### [ACTIVITY]
Write out the lines of the material below exactly, beginning at the line with "Calcografia; 221x226 mm." and stopping after the line with "ビーバー隊は、御餅作りの見学 お餅の作り方を習います。 |", and leave out the pictures.

### [DATA TO EXAMINE]
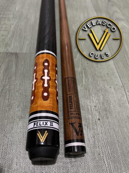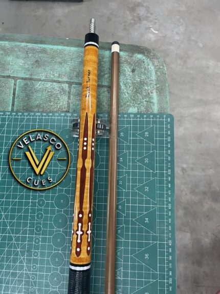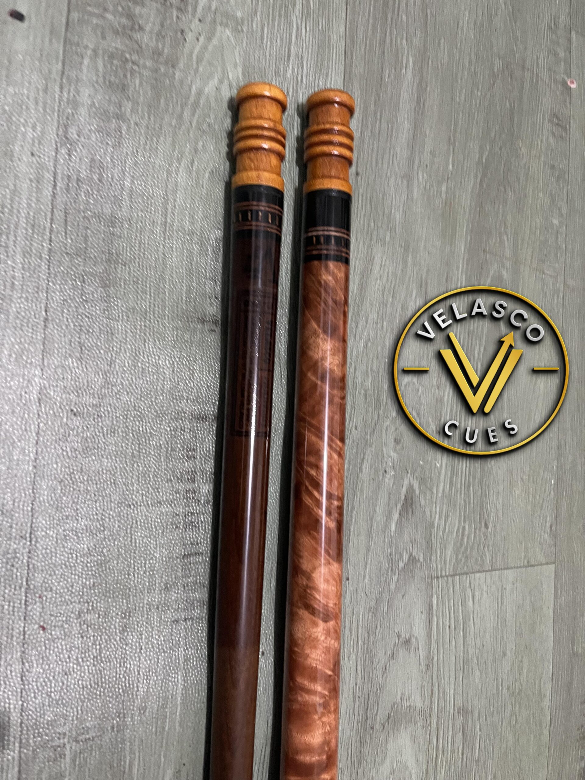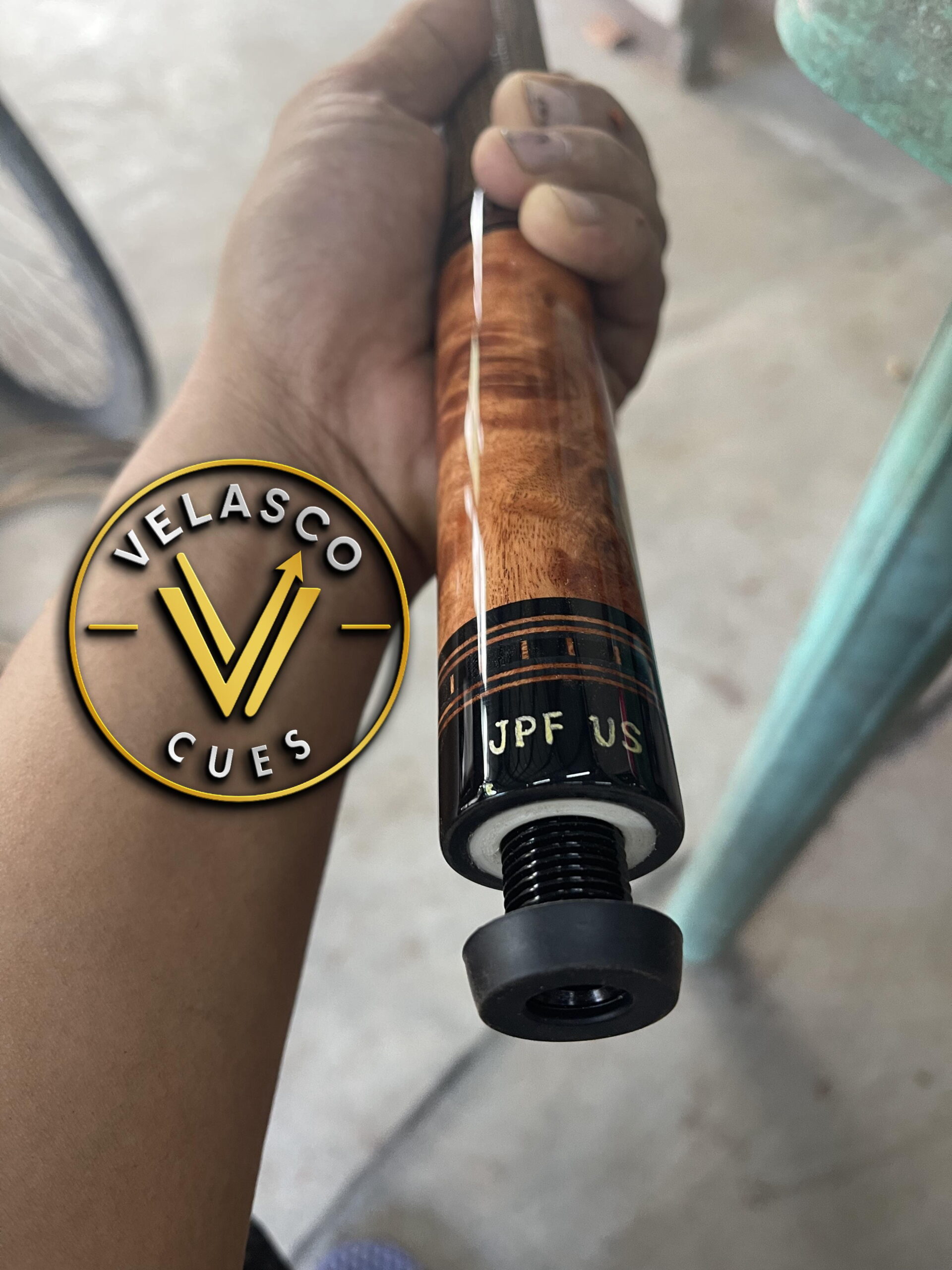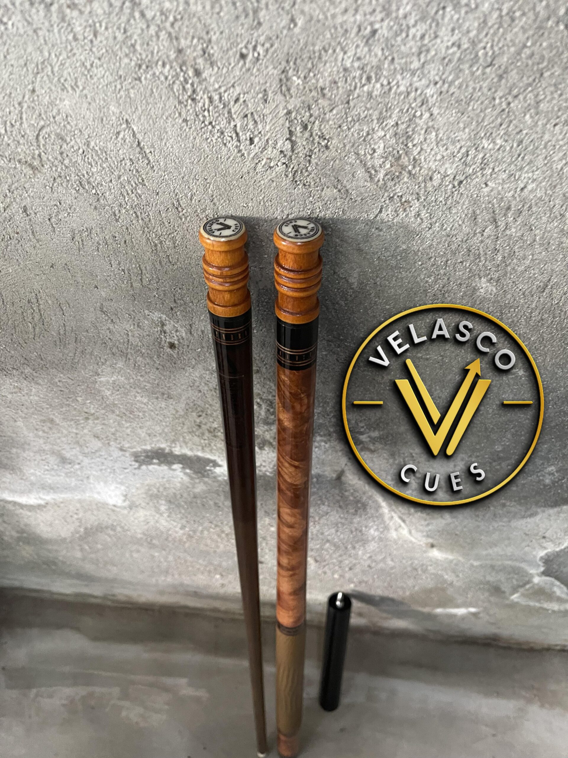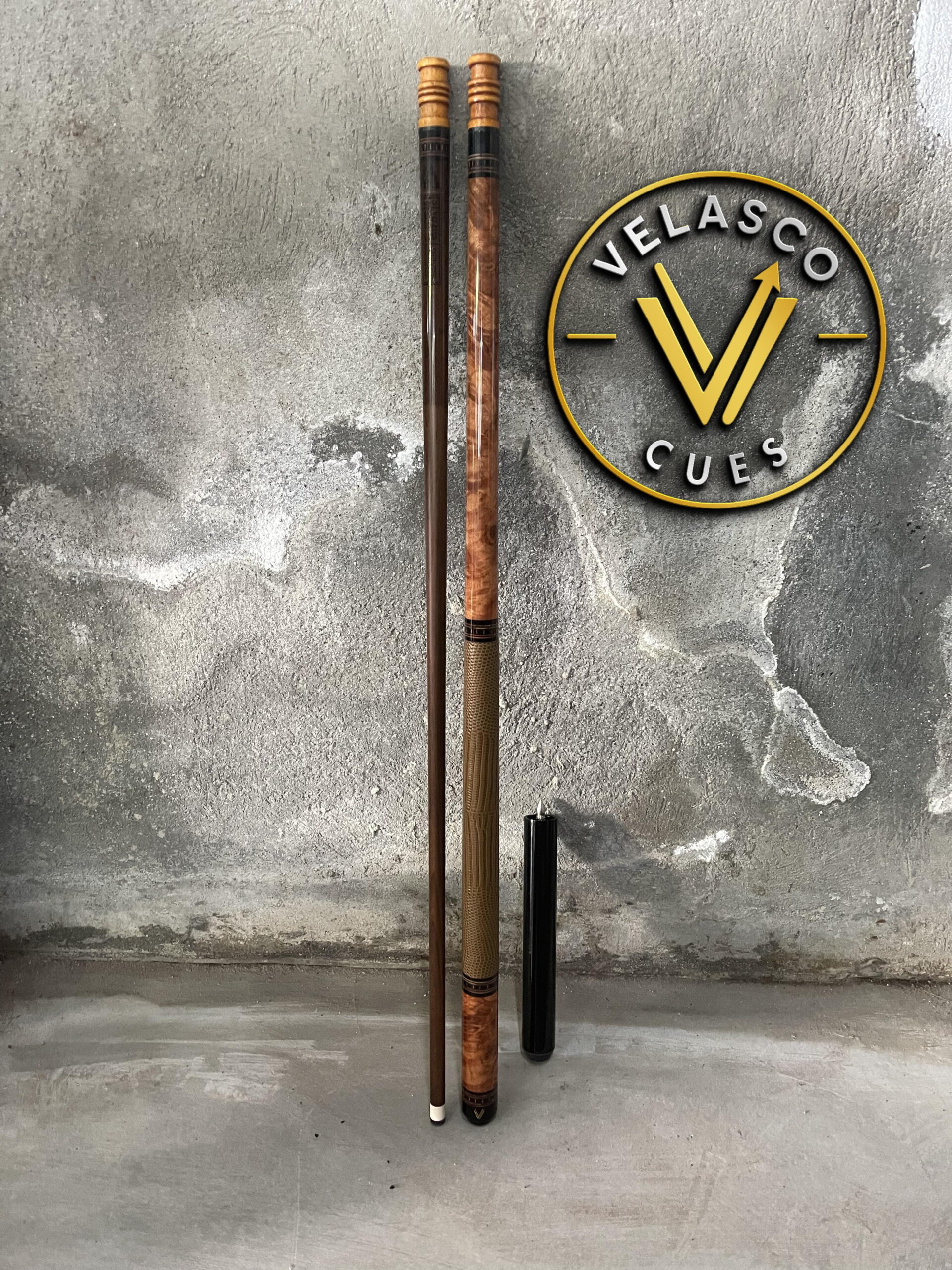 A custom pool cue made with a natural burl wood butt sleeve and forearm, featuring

* * *

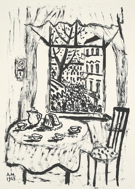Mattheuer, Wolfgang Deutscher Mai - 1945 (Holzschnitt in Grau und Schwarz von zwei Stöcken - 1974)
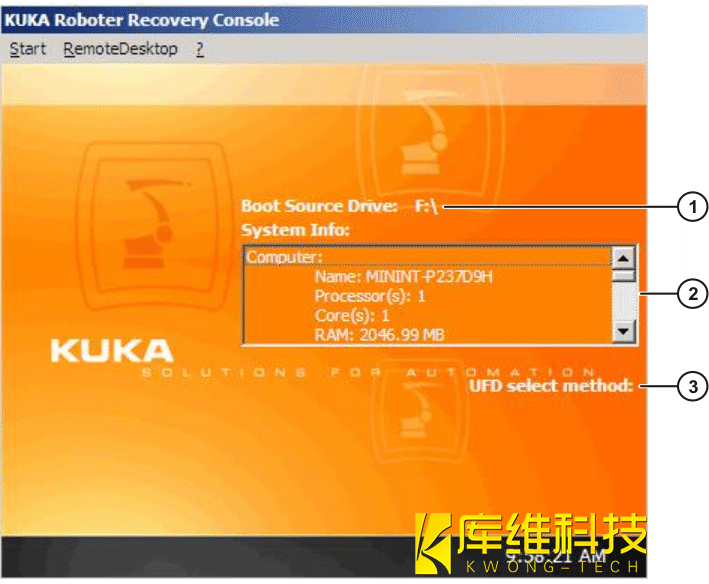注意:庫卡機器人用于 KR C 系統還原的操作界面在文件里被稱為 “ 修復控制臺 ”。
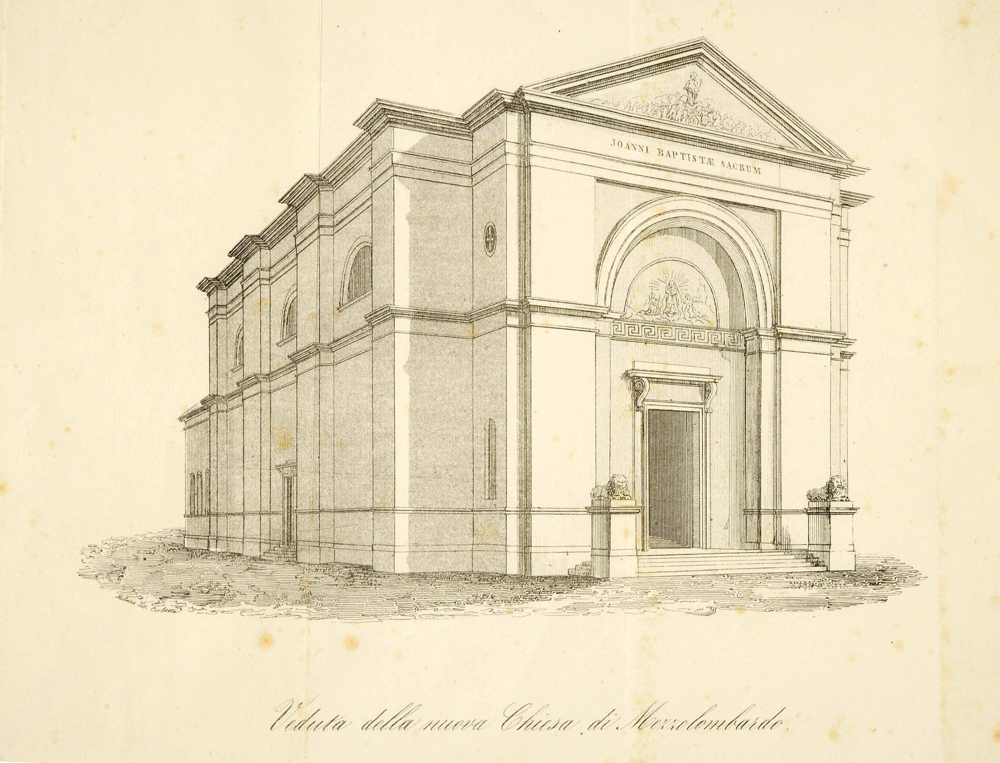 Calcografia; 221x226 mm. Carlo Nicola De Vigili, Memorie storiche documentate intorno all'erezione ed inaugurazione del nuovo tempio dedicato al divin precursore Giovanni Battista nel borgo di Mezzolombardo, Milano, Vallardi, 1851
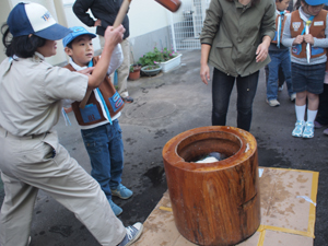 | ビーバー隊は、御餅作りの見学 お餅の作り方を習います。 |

### [WRITTEN ANSWER]
 Calcografia; 221x226 mm. Carlo Nicola De Vigili, Memorie storiche documentate intorno all'erezione ed inaugurazione del nuovo tempio dedicato al divin precursore Giovanni Battista nel borgo di Mezzolombardo, Milano, Vallardi, 1851
 | ビーバー隊は、御餅作りの見学 お餅の作り方を習います。 |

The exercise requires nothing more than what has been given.